> [DATASET RECORDS]
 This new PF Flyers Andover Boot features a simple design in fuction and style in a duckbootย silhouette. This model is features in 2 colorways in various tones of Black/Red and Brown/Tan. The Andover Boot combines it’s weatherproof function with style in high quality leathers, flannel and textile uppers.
* * *
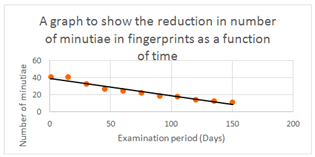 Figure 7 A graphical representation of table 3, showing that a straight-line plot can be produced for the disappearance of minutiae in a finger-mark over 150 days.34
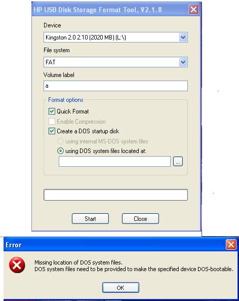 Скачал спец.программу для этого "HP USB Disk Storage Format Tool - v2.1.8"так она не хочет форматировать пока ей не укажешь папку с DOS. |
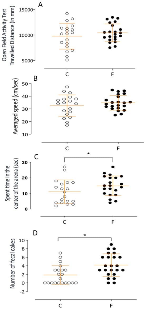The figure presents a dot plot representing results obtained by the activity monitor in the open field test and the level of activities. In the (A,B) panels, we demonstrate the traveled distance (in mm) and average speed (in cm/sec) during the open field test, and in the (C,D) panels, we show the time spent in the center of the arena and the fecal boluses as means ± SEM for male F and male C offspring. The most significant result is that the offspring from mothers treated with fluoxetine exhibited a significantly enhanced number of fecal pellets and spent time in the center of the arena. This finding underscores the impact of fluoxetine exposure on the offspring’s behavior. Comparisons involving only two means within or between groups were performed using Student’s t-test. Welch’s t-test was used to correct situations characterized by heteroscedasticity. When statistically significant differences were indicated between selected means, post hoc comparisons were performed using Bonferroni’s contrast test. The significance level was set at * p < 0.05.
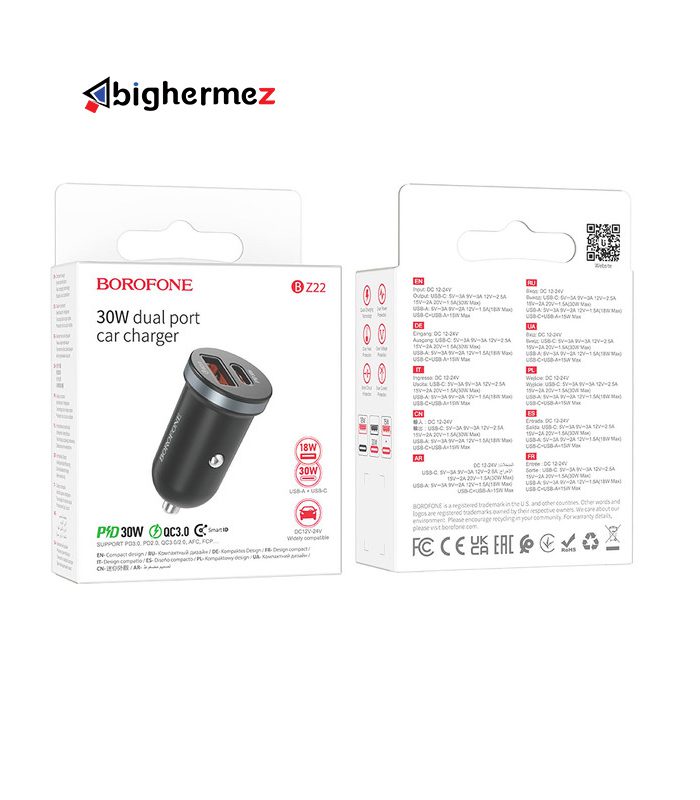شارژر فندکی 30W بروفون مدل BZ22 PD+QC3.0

> [EXERCISE] From the line holding "Figure 7 A graphical" to the line holding "Скачал спец.программу для", both included, retype the entries above exactly and drop the pictures.

> [PROBLEM SOLUTION]
 Figure 7 A graphical representation of table 3, showing that a straight-line plot can be produced for the disappearance of minutiae in a finger-mark over 150 days.34
 Скачал спец.программу для этого "HP USB Disk Storage Format Tool - v2.1.8"так она не хочет форматировать пока ей не укажешь папку с DOS. |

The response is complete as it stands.